Si j’avais été sur ce plateau, avec ces hommes que certains décrivent aujourd’hui plus ou moins à mots couverts comme des cochons excités, aurais-je pu éviter de me laisser entraîner dans cette atmosphère lubrique générée par les remarques déplacées du fou du roi et d’un invité en particulier, d’une part, et les questions tendancieuses de l’animateur poussant à faire l’amalgame entre la personne de Nelly Arcan et ce qu’on peut déduire d’elle à partir de ses personnages de romans? Mon regard aurait-il porté ailleurs que sur son décolleté, quand l’aura de cette femme rayonnait fortement d’une sensualité qu’on ne peut séparer complètement de ses héroïnes? Elle disait que ce qu’elle écrivait, à force de détails, devenait « l’anti-thèse de l’érotisme ». Elle avait peut-être oublié que c’est justement ce que fait la pornographie, les détails, et qu’il semble bien que ça n’empêche pas un homme et même certaines femmes d’être férocement excités…
La femme fragile
Nelly Arcan s’est suicidée en 2009. Certains suicidaires considèrent qu’il faut du courage pour mettre un terme à sa vie. D’autres évoquent plutôt la lâcheté devant les défis auxquels toute vie doit plus ou moins être confrontée. Peu importe notre regard sur le suicide, c’est toujours une tragédie. Des gens se sentent coupables de l’acte ultime d’un autre, la plupart du temps les plus proches ou ceux qui auraient dû se montrer proches avant le geste fatal.

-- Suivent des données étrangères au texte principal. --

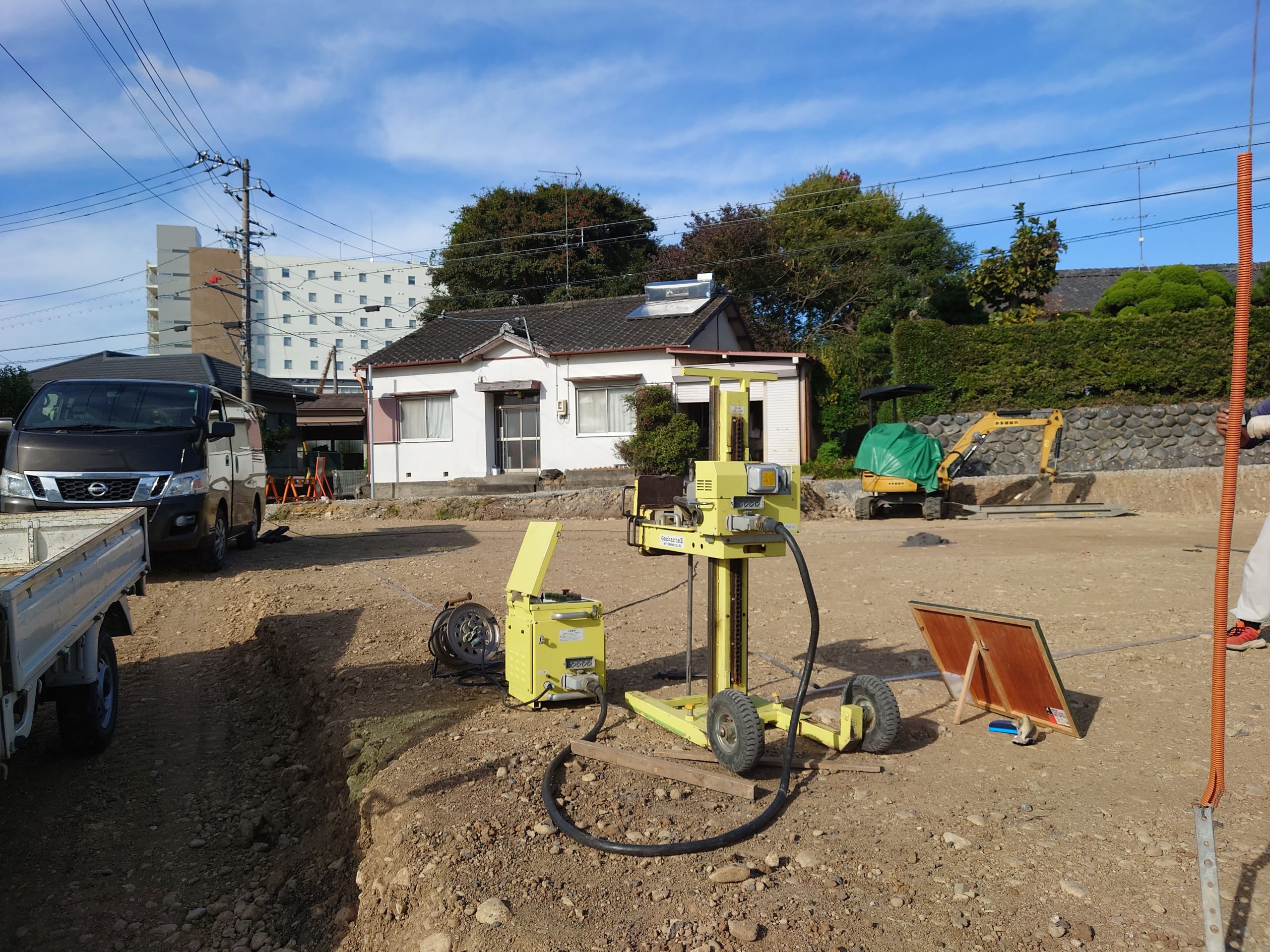 調査中 ロッド(鉄の棒)が折れるほど固い地盤でした。
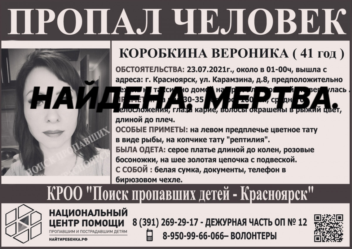 Родственники женщины обратились с заявлением в полицию по поводу её исчезновения. Тело погибшей обнаружили через несколько дней — 1 августа.
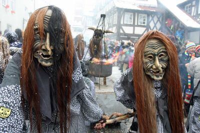 Schön gruselig: Nebelhexen aus Remmingsheim zogen ihren Feuerkessel durch Trochtelfingen.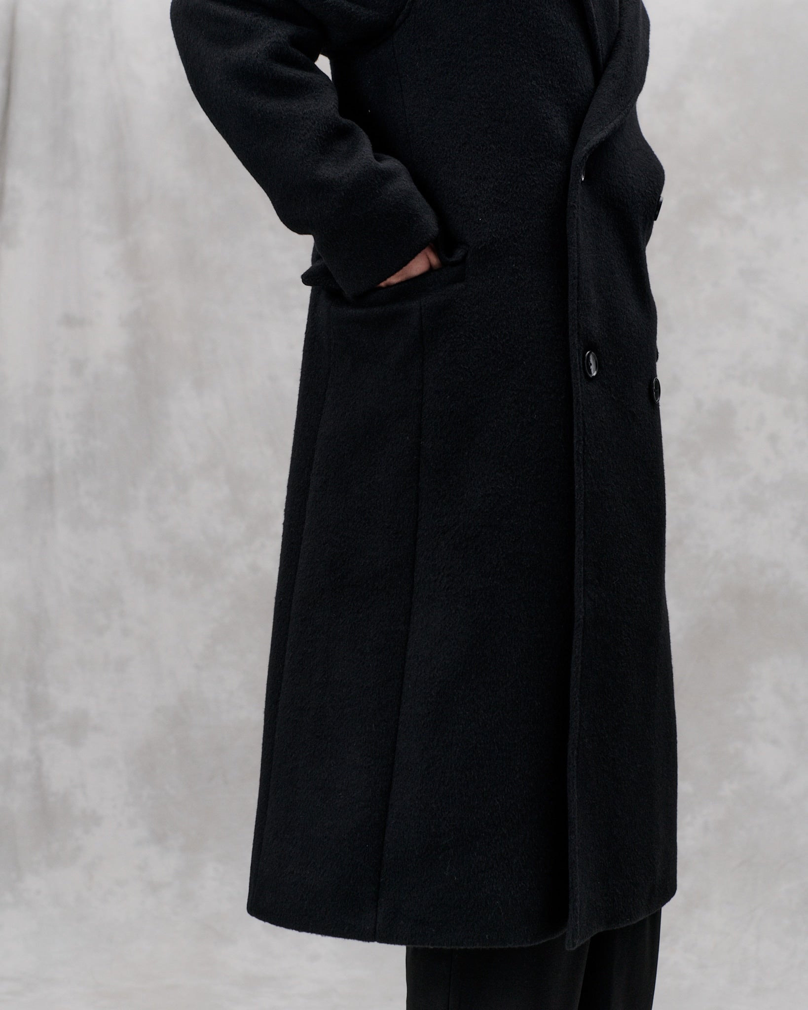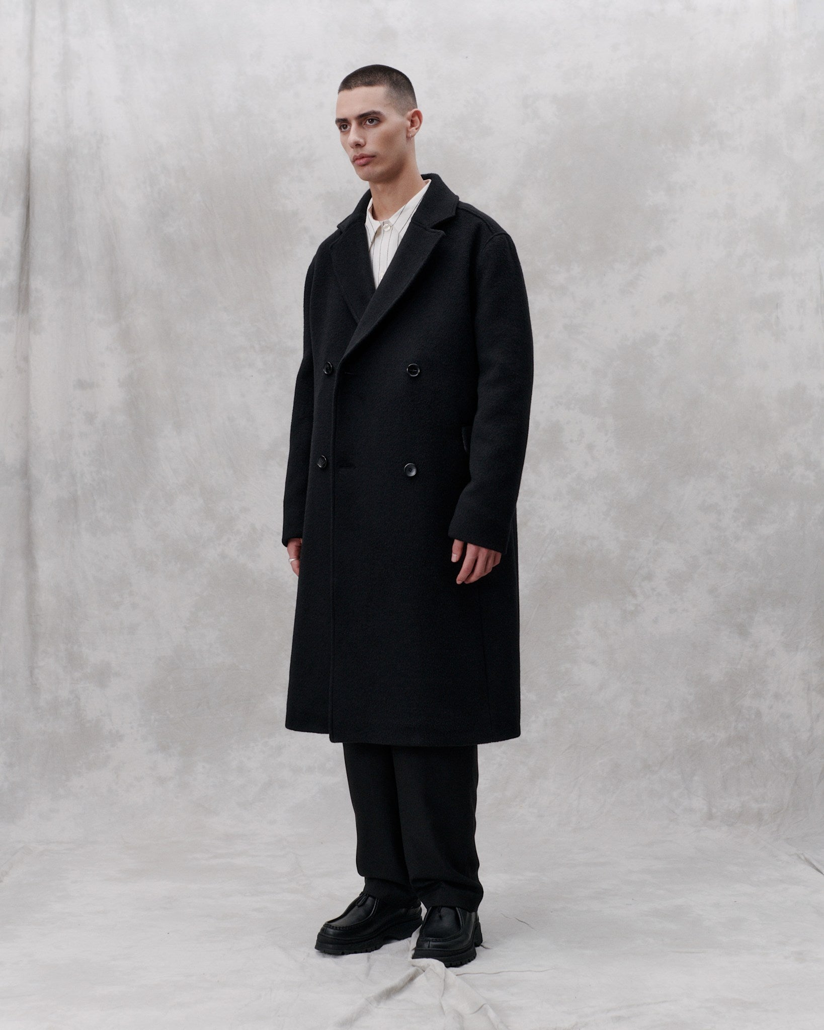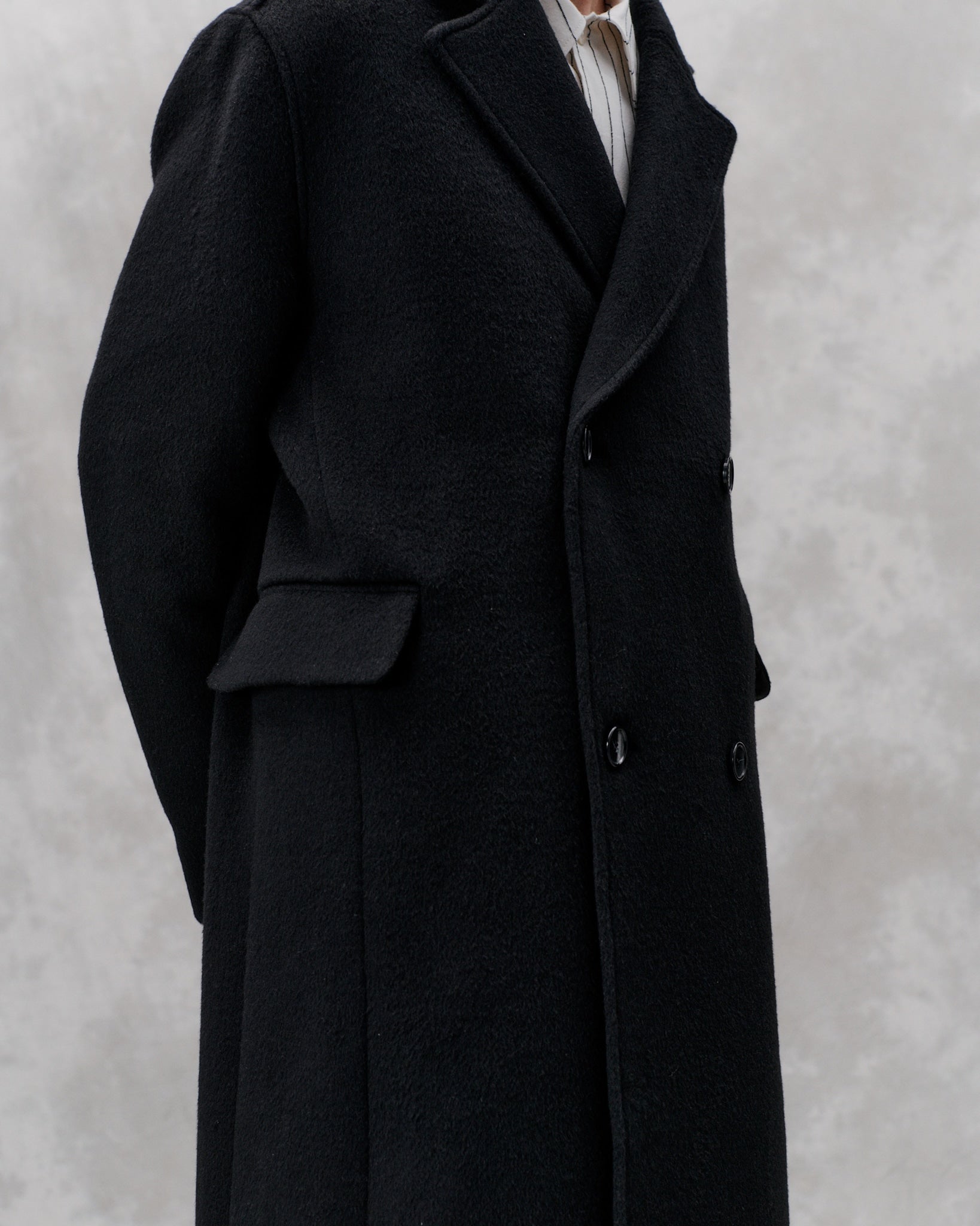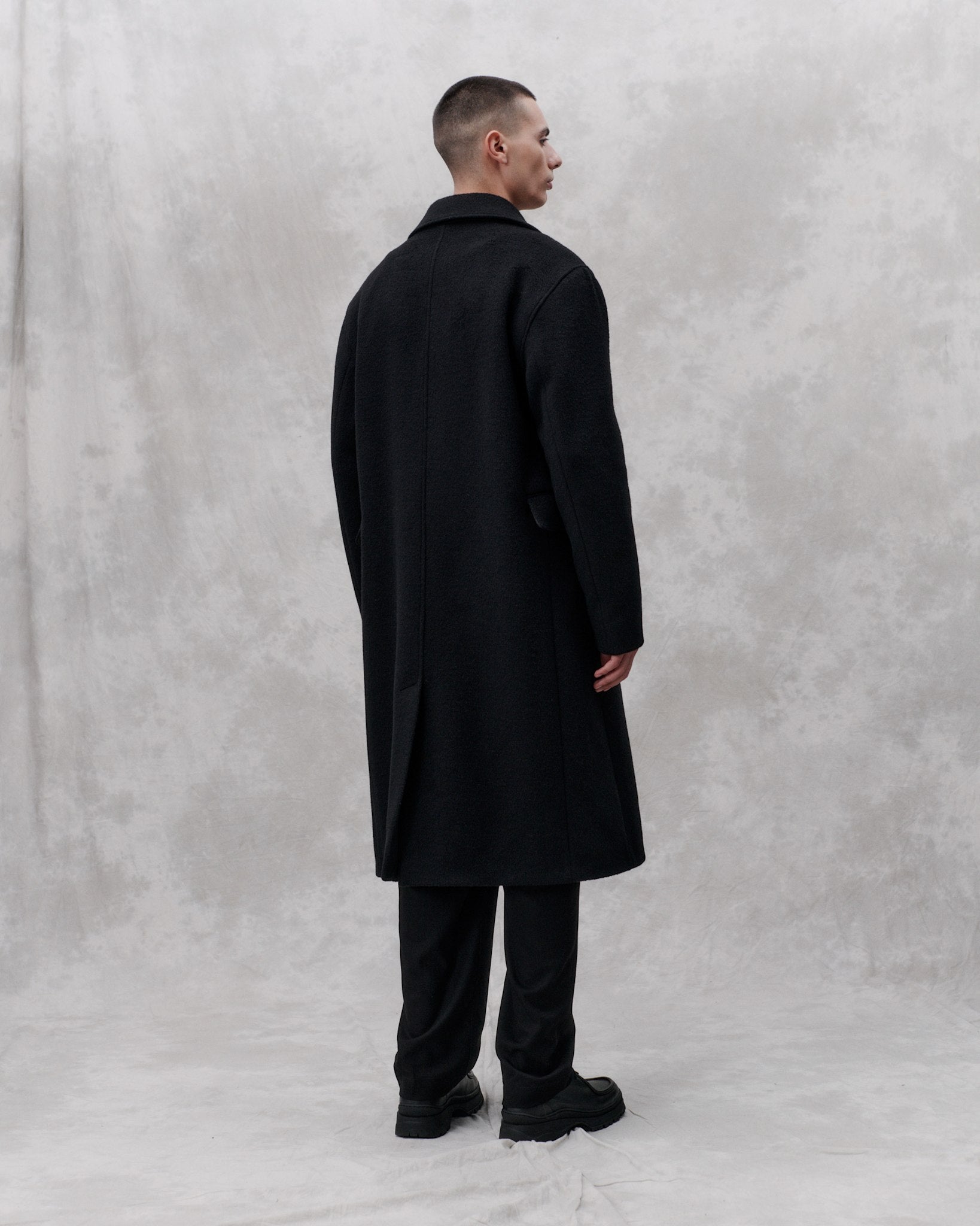 Contemporary tailoring for versatile use. This formal classic cut coat is made from an Italian brushed heavy wool and is a classic libertine-libertine staple. Features a slightly a-shape with a dropped shoulder, slanted velt pockets and a high center back slit. The coat is cut below the knee-length, fully lined and featured with MEIDA thermo insulation.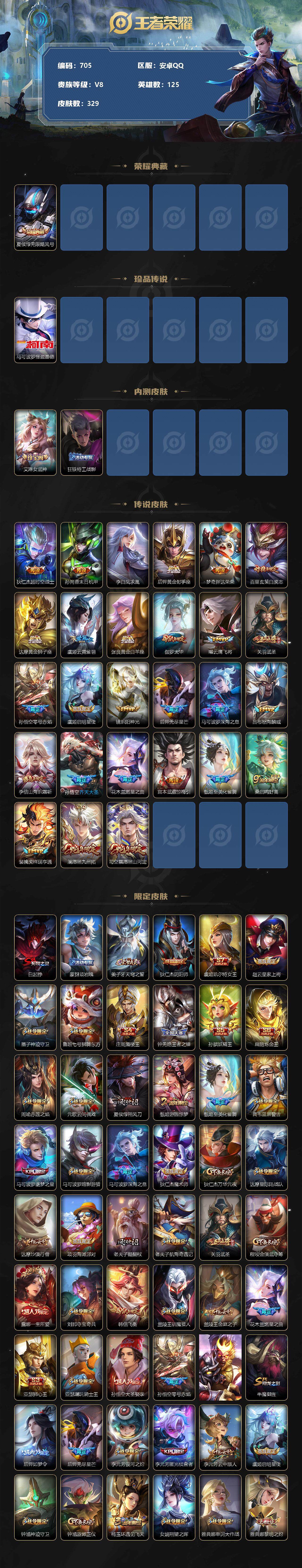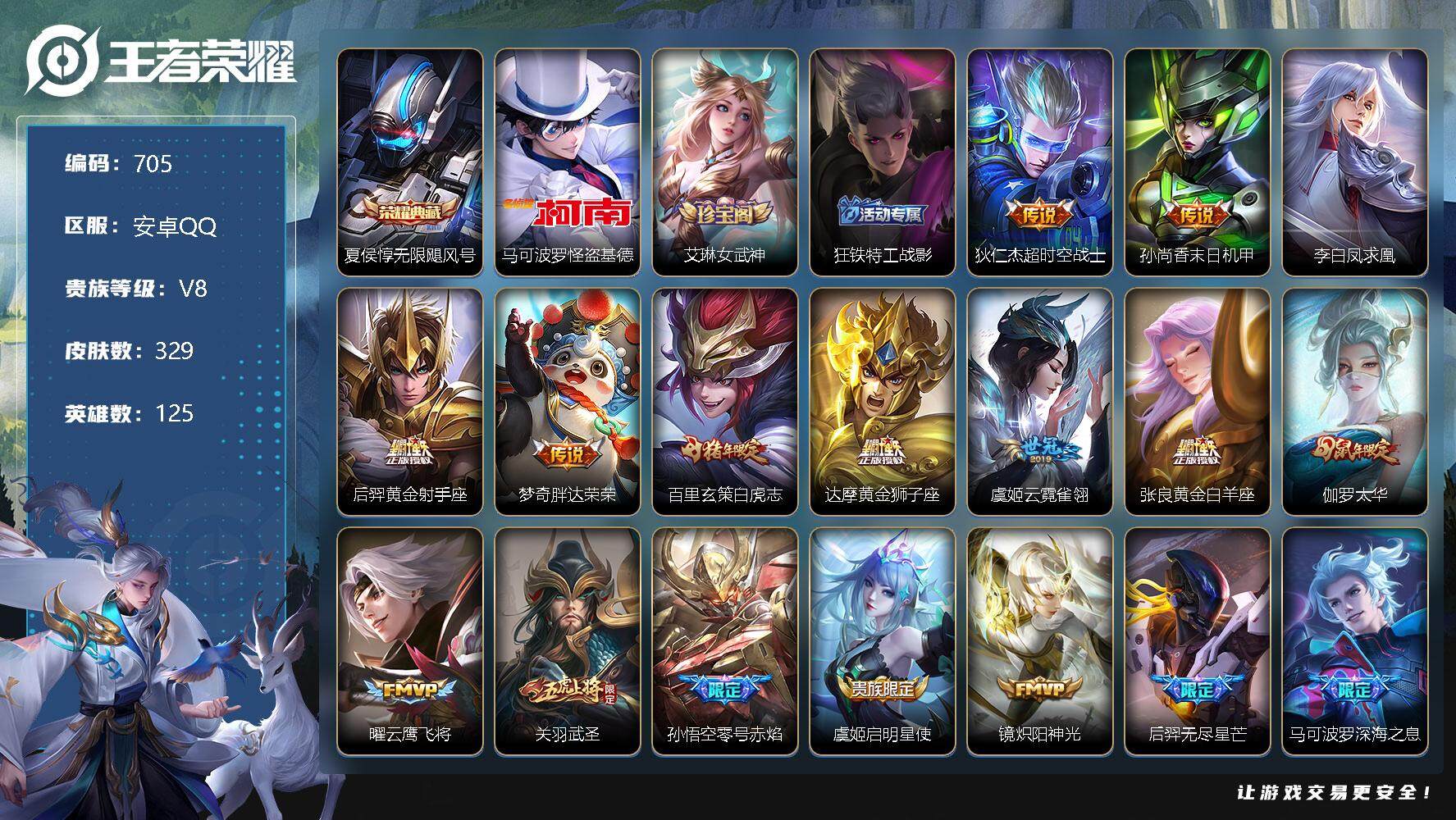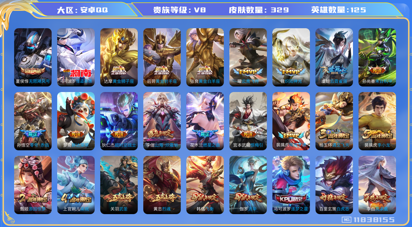 [11838155]【商品标题】:安卓Q-V8-至尊星耀I段位-125英雄-329皮肤-1典藏-0珍品无双-0无双-1珍品传说-27传说-92史诗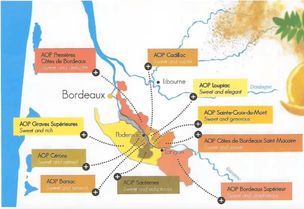 No mapa abaixo (fonte Wine Scholar Guild) são destacadas as 10 Apelações de Origens Controladas, em Bordeaux, que produzem vinhos doces. Poderíamos também incluir a AOC Monbazillac que apesar de muito próxima não pertence a Bordeaux, mas sim a uma outra região vinícola da França, Bergerac.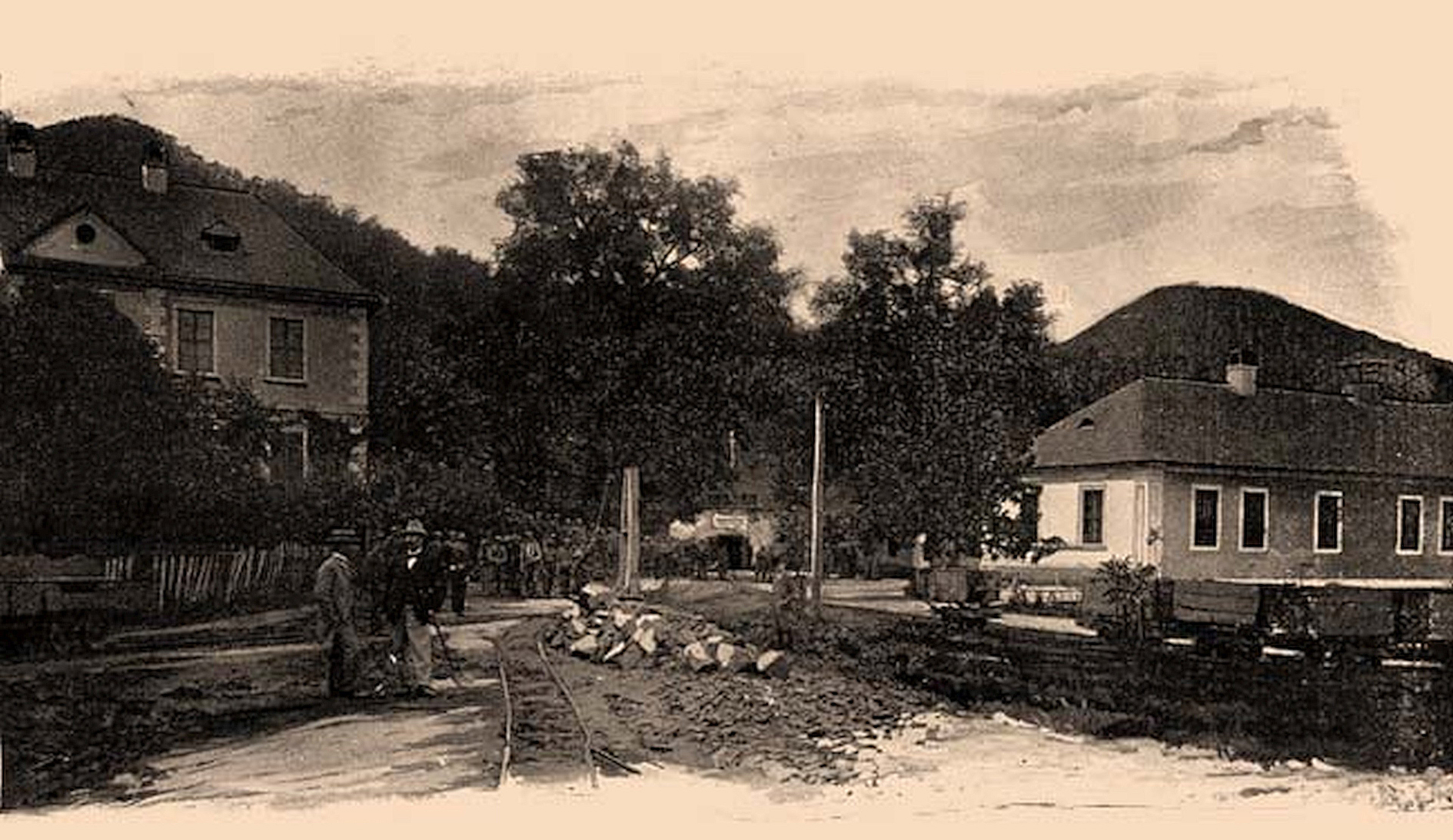 2 Mina Valea Roșie cca 1890 = Baia Mare, Mina «Valea Roșie» – clădirea administrativă și intrarea în mină, anii deceniului 1890, fotograf necunoscut, reproducere tripografică, prelucrare digitalizată, colecție privată, Baia Mare.

Sur le plateau de l’émission, Nelly Arcan a affiché, sans doute sans le vouloir, une fragilité et une sensibilité touchantes. Elle était visiblement affectée par la tournure de l’entrevue, jusqu’à supplier « Vous n’allez pas me faire ça » au moment où l’on voulait la contraindre à une partie de bras de fer. C’était le risque de participer à une émission de variétés qui veut plaire en provoquant et en rigolant, en déstabilisant les vedettes, parfois aussi en sensibilisant, il faut le dire.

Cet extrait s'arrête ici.